= Umberto Benedetti Michelangeli =

Italian conductor (born 1952)

Umberto Benedetti Michelangeli, also Umberto Benedetti Michelangeli Jr. (born July 16, 1952 in Montichiari, Brescia) is an Italian conductor, nephew of famous Italian pianist Arturo Benedetti Michelangeli.

== Biography ==
He started his musical studies first with his aunt, then at the Milan Conservatory with Mario Conter, Bruno Bettinelli, Mario Gusella and finally with Franco Ferrara. He regularly conducts leading orchestras both in Italy and Europe. Of particular importance is his commitment to the Mantua Chamber Orchestra, of which he has been the Principal Conductor since 1984, and whose artistic merits were rewarded with the Abbiati Prize in 1997.

In 2004 Benedetti Michelangeli and the Mantua Chamber Orchestra realised a very successful Beethoven cycle including the symphonies, the concertos and some of his symphonic-choral works and in the period 2005-07 they were leading performers in the Mozart Fest, in a cycle dedicated to Mozart's sacred music. He also collaborated with the Camerata Academica in Salzburg for the 1996 Schubertiade and with the Kammerorchester Basel, as the Chief Guest Conductor.

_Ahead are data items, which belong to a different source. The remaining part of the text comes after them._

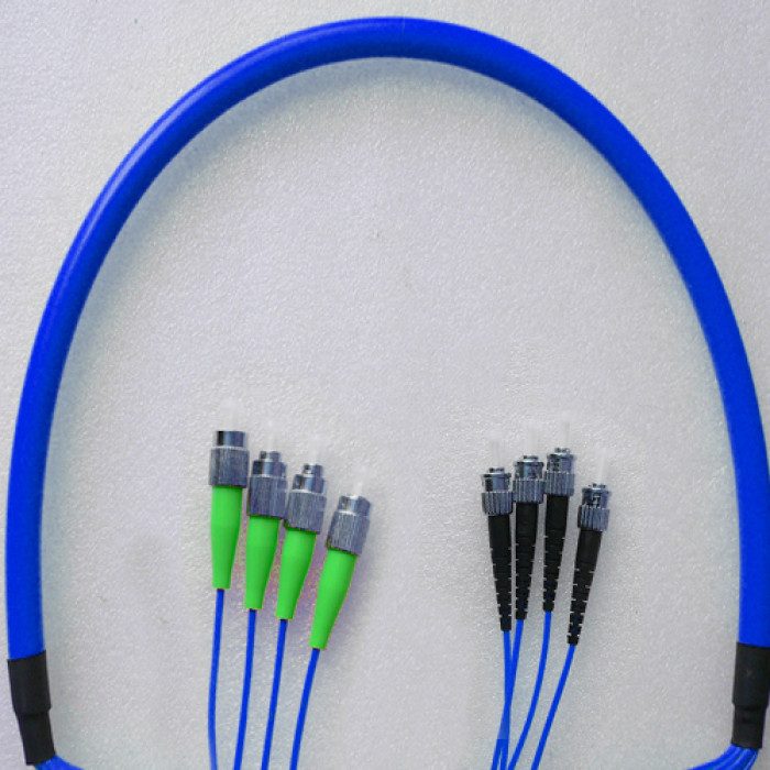 Indoor Armored 4 Fiber FC/APC to ST/UPC Patch Cord, OS2 9/125 Singlemode.
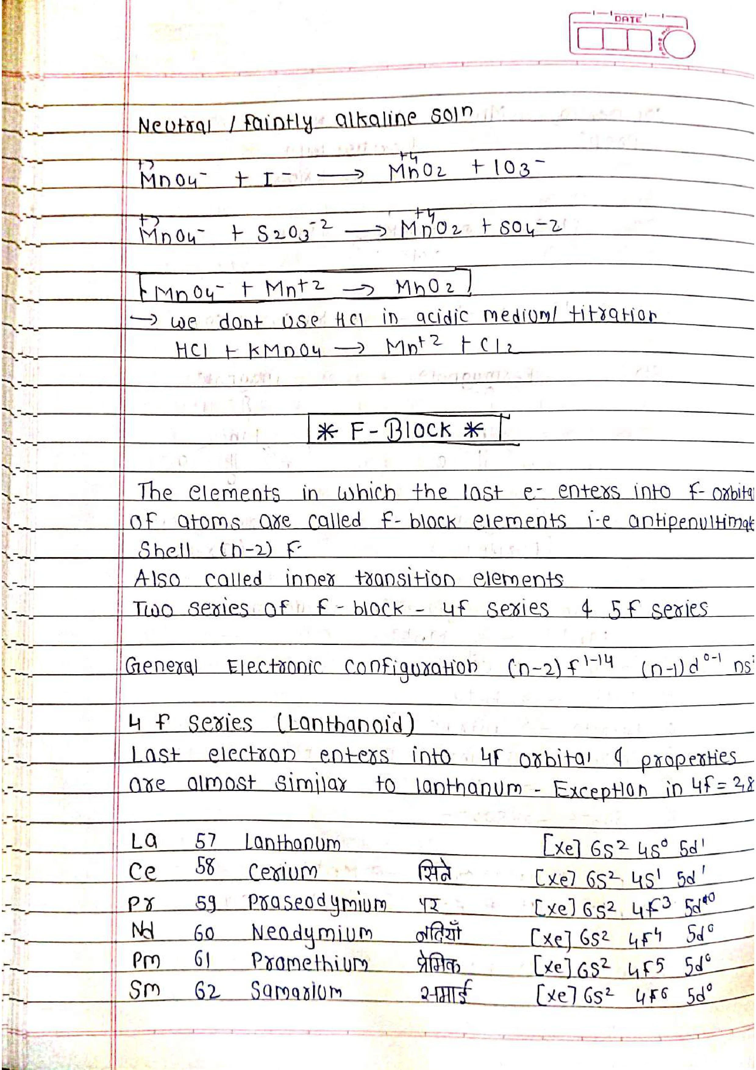 ➭ Lanthanide Contraction: A gradual decrease in atomic and ionic radii across the lanthanide series due to increased nuclear charge.
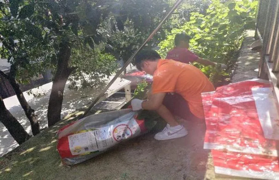 在当天上午的活动中,实践队成员们佩戴好装备,分队跟随社区工作人员前往需要清理的区域,实践队成员们不畏高温酷暑、不怕累、不怕脏,对社区路边的杂草、垃圾、烟头进行了清理,将社区中堆积杂物的区域进行了清扫,大家分工协作,各司其职,干劲十足。经过大家的努力,社区被整理的干净整洁。清扫社区的同时,实践队成员们还向社区居民宣传建设文明社区的相关知识,引导居民共同参与社区环境整治,美化自己的家园。

Umberto Benedetti Michelangeli made his début at the Rossini Opera Festival in 2006 with Mozart's Die Schuldigkeit des ersten Gebots and Rossini's La cambiale di matrimonio.

Among the works he has conducted, he has devoted a series of concerts to the complete performance of Mozart's sacred music. In 2017, his recording for the Sony label of Mozart's arias, in collaboration with the soprano Regula Mühlemann, earned the Maestro the "Preis der deutschen Schallplattenkritik" (German Record Critics' Prize).

Benedetti Michelangeli is often on the podium of piano festivals dedicated to Arturo Benedetti Michelangeli, as was the case for the Brescia and Bergamo Review which featured Alexander Lonquich, Federico Colli, Yuja Wang and Mitsuko Uchida who were awarded the Michelangeli Prize.